In 2021, the Augusta Birth Center applied to become the first freestanding birth center in Richmond County. This birth center would provide not only obstetrical services for low-risk pregnancies, including midwifery, but also “mental health services, women’s support groups, adoption, postpartum counseling and additional classes for the community at little to no cost.”
Expectant mothers in the Augusta area have traditionally had three local options to choose from for birthing services: Doctors Hospital of Augusta, Piedmont Augusta (formerly University Hospital) and the recently renamed Augusta University Medical Center, which is now known as Wellstar MCG Health. Yet only one of the hospitals provides midwifery services.
Augusta Birth Center (ABC) was going to be located in the Laney Walker district, home to a historically black and underserved population. The three founding members of ABC included a board-certified family physician, a board-certified family nurse practitioner and the executive director, Katie Chubb. Certified nurse midwives and nurses would complement the medical staff.
And yet, over two years after first submitting its application to open, the center remains unopened thanks to an arcane state law known as Certificate of Need.
Certificate of Need (CON) laws task the government with determining whether a new healthcare facility or service line is allowed to open. They were first established by Congress in the 1970s to control rising healthcare costs since the federal government reimbursed providers at this time based on what they spent — a form of reimbursement that only incentivized more spending on healthcare.
Within a decade Congress had moved away from “cost-plus” reimbursement and scrapped the federal CON law, but CON regulations at the state level remain.
In Georgia, nearly 50 different facilities and services require a CON before they can open. They include major facilities such as hospitals, freestanding emergency departments and surgery centers, but also imaging centers, alcohol and drug abuse services, mental health services and obstetrical facilities, which include birth centers.
There are currently only three birth centers statewide, in Atlanta, Forsyth and Savannah.
To begin the process, ABC submitted an 821-page application to the Georgia Department of Community Health. As Ms. Chubb later noted regarding this submission, the information was more exhaustive than any business plan required by a bank before approving a multimillion-dollar loan.
Four months later, on Dec. 22, 2021, the Department denied ABC’s application —- despite acknowledging the need for this facility. It’s worth examining why the application was denied.
First, the Department examined the service area and the amount of obstetrical services being utilized to determine whether ABC was needed. This area not only comprised Richmond County, but also Burke, Columbia, Glascock, Jefferson, Jenkins, McDuffie, Taliaferro, Warren, Washington and Wilkes counties, demonstrating the region’s need for another obstetrics provider.

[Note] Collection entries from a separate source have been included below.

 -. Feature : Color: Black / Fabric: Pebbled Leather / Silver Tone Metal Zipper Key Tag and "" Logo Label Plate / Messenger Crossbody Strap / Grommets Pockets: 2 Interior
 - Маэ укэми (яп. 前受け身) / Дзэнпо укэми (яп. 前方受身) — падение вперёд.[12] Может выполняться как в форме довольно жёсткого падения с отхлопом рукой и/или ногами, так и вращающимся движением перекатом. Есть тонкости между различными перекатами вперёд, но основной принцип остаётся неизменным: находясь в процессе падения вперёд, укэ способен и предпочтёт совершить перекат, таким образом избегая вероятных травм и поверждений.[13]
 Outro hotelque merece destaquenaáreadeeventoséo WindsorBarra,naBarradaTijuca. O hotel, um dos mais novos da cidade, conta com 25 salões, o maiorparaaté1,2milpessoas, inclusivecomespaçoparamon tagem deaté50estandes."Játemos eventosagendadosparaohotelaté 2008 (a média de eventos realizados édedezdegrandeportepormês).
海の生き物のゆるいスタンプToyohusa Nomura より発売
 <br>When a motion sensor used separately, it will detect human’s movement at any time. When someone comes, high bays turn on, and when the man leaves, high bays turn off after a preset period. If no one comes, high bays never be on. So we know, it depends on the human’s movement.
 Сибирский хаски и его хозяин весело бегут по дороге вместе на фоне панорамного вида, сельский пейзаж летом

Next, the Department wanted to compare the price of an “uncomplicated delivery” at ABC with that of nearby hospitals. This was done using cost data provided to the state by the hospitals.

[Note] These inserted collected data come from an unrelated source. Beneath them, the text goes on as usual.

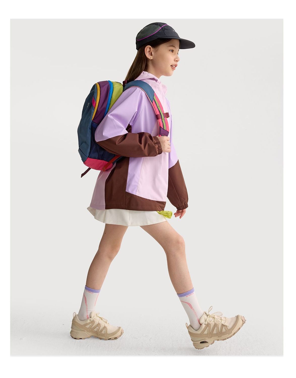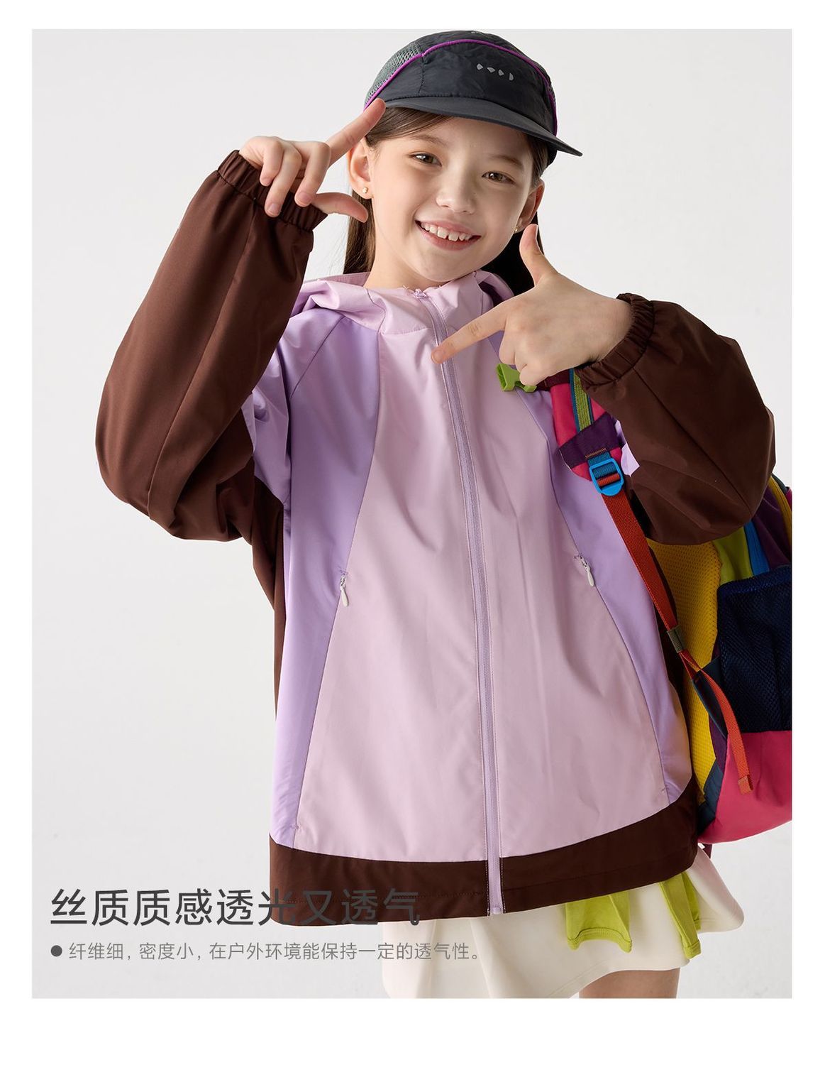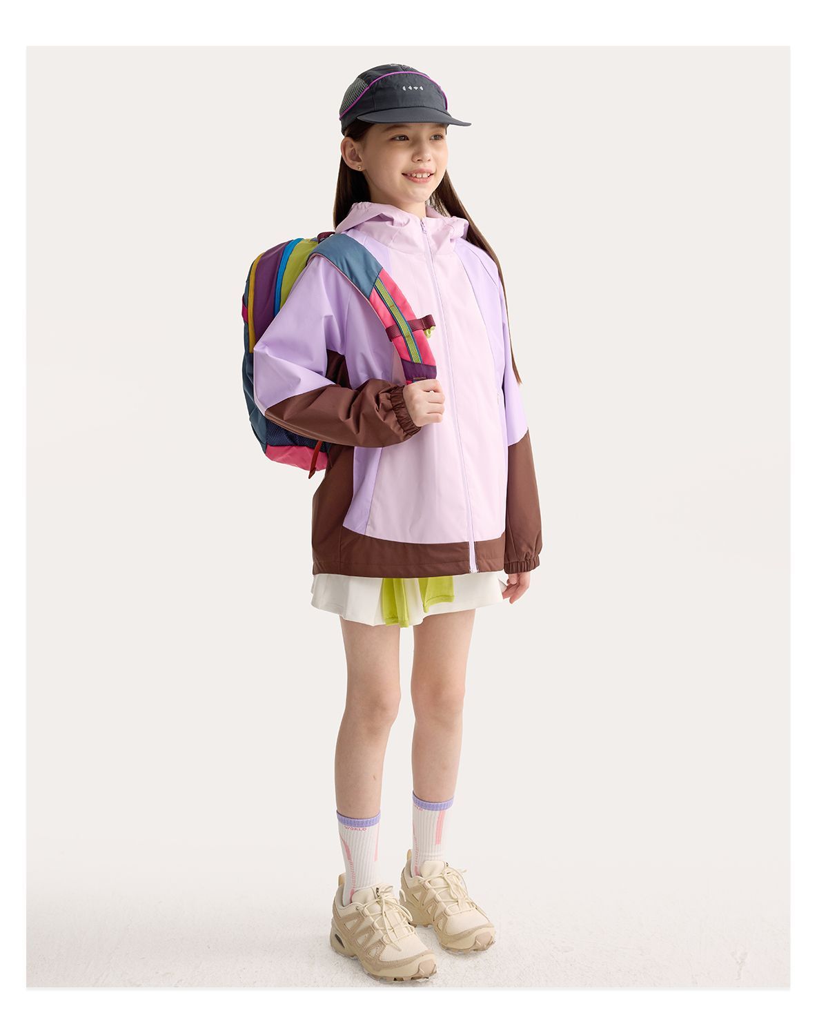 fx-咕噜日记儿童拼色轻量外套春季女童连帽小斗篷软壳风衣中大童夹克PC26WT02
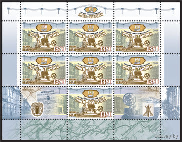 Малые листы "150 лет первой телеграфной линии Минск - Бобруйск (7м + 2купона)"
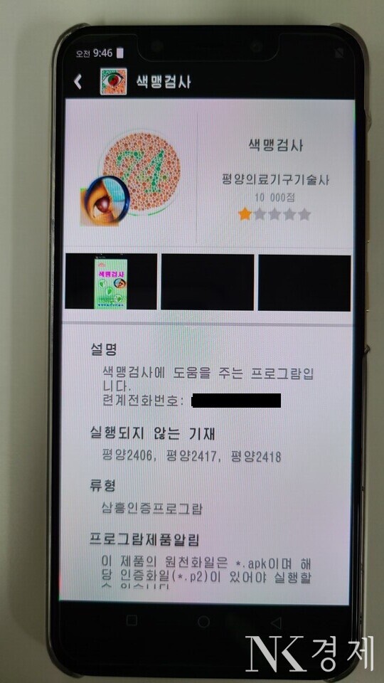 북한 앱 '색맹검사'는 평양의료기구기술사가 개발했다고 합니다.
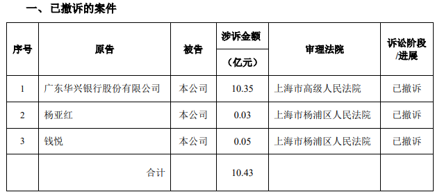 ST安信7月8日公告,涉案合计10.43亿元的3宗案件原告已撤诉。1宗建设工程合同纠纷案件执行中,法院责令公司履行下列义务:限三日内主动履行民事判决书确定的义务,并应承担迟延履行利息;执行标的679.770272万元,执行费6.1389万元,合计约685.91万元。涉案8.82亿元的2宗案件已上诉。
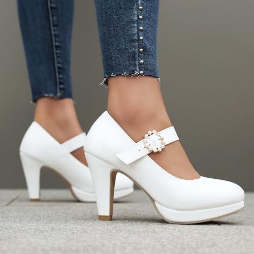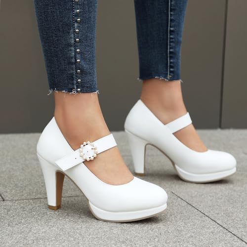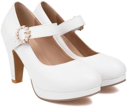 ForeMode Bow Mary Jane Shoes High Heels Closed Round Toe Pumps Leather Summer Sweet Shoe

ABC’s projected charge in years one and two was $5,000, which was significantly lower than University Hospital ($7,371), AU Medical Center ($15,024), and Doctors Hospital ($22,552).
Unsurprisingly, the Department concluded that ABC would provide lower-cost services than neighboring hospitals offered on an inpatient basis.

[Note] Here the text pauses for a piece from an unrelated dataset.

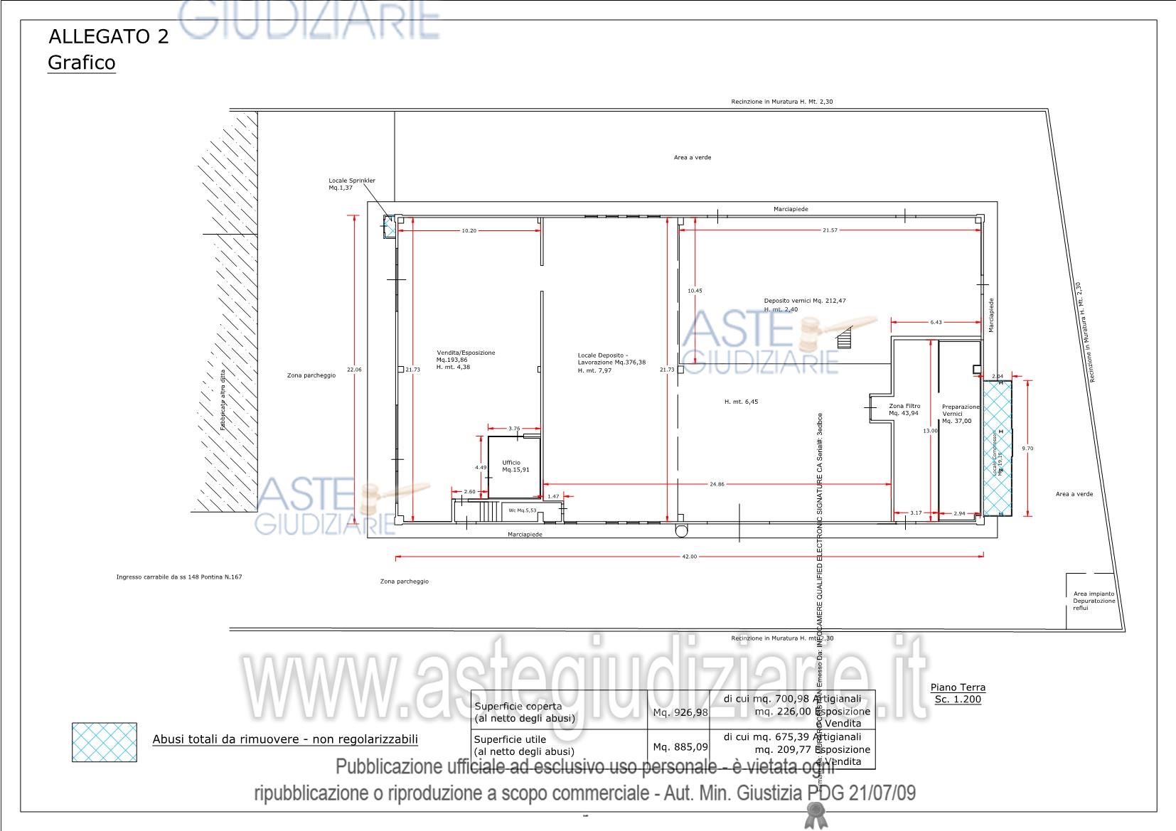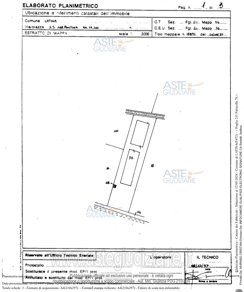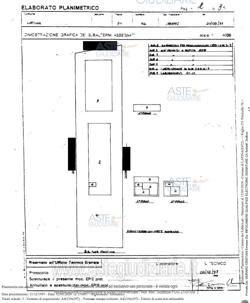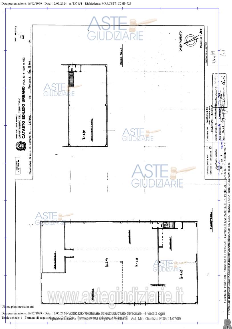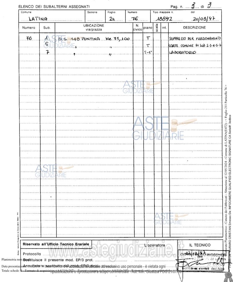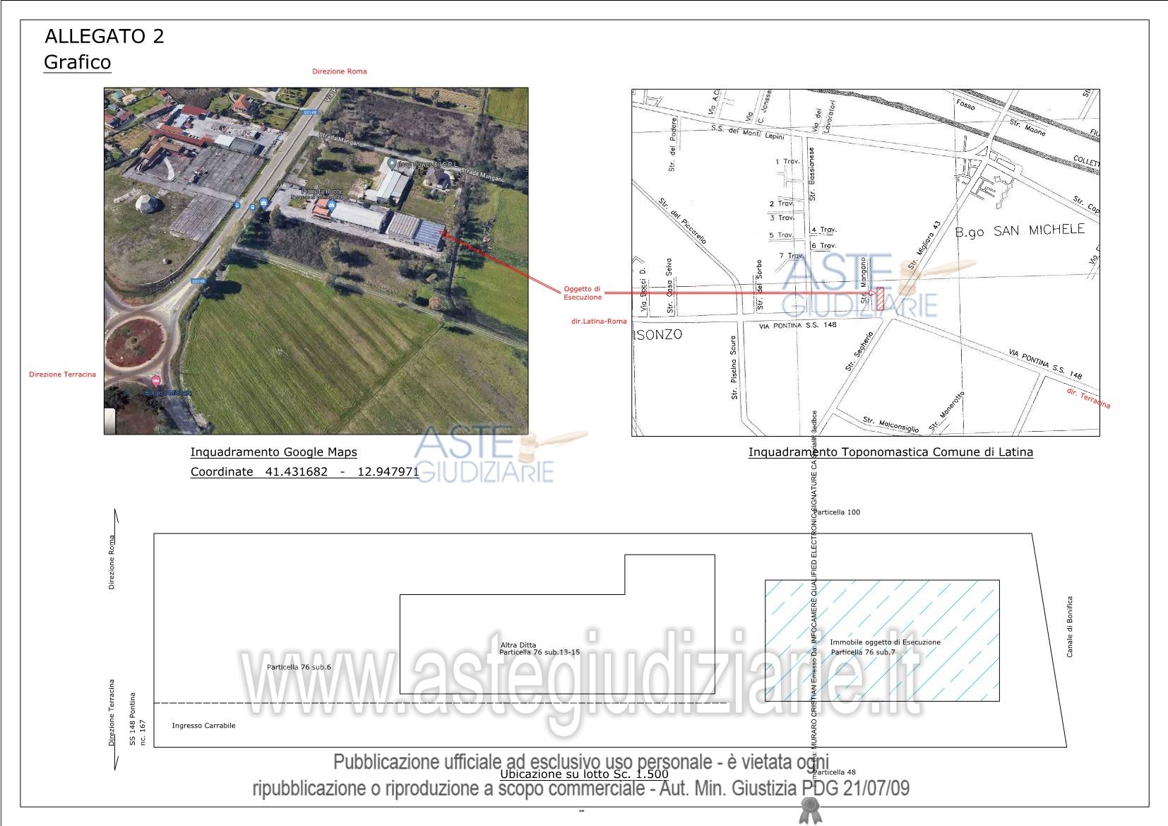 Vendita all'asta Senza incanto, con gara telematica asincrona - LOTTO UNICO: diritto di piena proprietà (1/1) di fabbricato artigianale ubicato a Latina (LT), S.S. 148Pontina n. 167, piano T-1, distinto nel Catasto Fabbricati del Comune di Latina al Foglio 211,Particella 76, Sub. 7, Zona cens. 2, Categoria C/3, Classe 1, Consistenza 1.127 mq.,Superficie catastale 1.142 mq., Superficie convenzionale 942,77 mq., Rendita €. 4.190,74,compresa quota di comproprietà di 924/1970 della corte comune, piano T, individuata inCatasto al Foglio 211, Particella 76, Sub. 6. Prezzo base € 522.208,13 (offerta minima € 391.656,10). Data inizio operazioni di vendita: 21/04/2026 ore 15:00. Professionista delegato alla vendita Avv. Rinaldo Perroni - Email "avv.rinaldoperroni@libero.it"; Tel. 3291324610. Custode Giudiziario Avv. Rinaldo Perroni - Email "avv.rinaldoperroni@libero.it"; Tel. 3291324610. Rif. Tribunale di Latina - Espropriazione immobiliare (cartabia) n. 92/2023

Finally, the Department wanted to determine whether a patient suffering from complications during childbirth would be able to access emergency services. Georgia’s CON law requires birth centers to have a transfer agreement with a local hospital.
Despite having an agreement with two ambulance companies and a physician with local admitting privileges, ABC could not persuade any of the three hospitals to sign a transfer agreement. This gives credence to the nickname many have given CON laws: the “competitor’s veto.”
With the help of the Pacific Legal Foundation, Katie Chubb and the Augusta Birth Center have since sued the state over its CON laws. Her attorneys emphasize that not only does federal law require all hospitals to accept patients in an emergency situation, but in 2015 there were 90 pregnancy-related deaths in Georgia, placing the state’s mortality rate worse than that of Iraq. Nearly 60% of these deaths were preventable. The Augusta area’s five deaths in 2015 ranked lower than Cuba and Syria.
While this situation continues to be drawn out in the legal system, South Carolina repealed nearly all of its CON laws earlier this year, including those for birth centers.
Unless the Georgia Legislature moves to repeal its CON laws in 2024, the citizens of Augusta and the surrounding counties soon might be traveling across the river to access a freestanding birth center close to home. The North Augusta Birth Center, perhaps?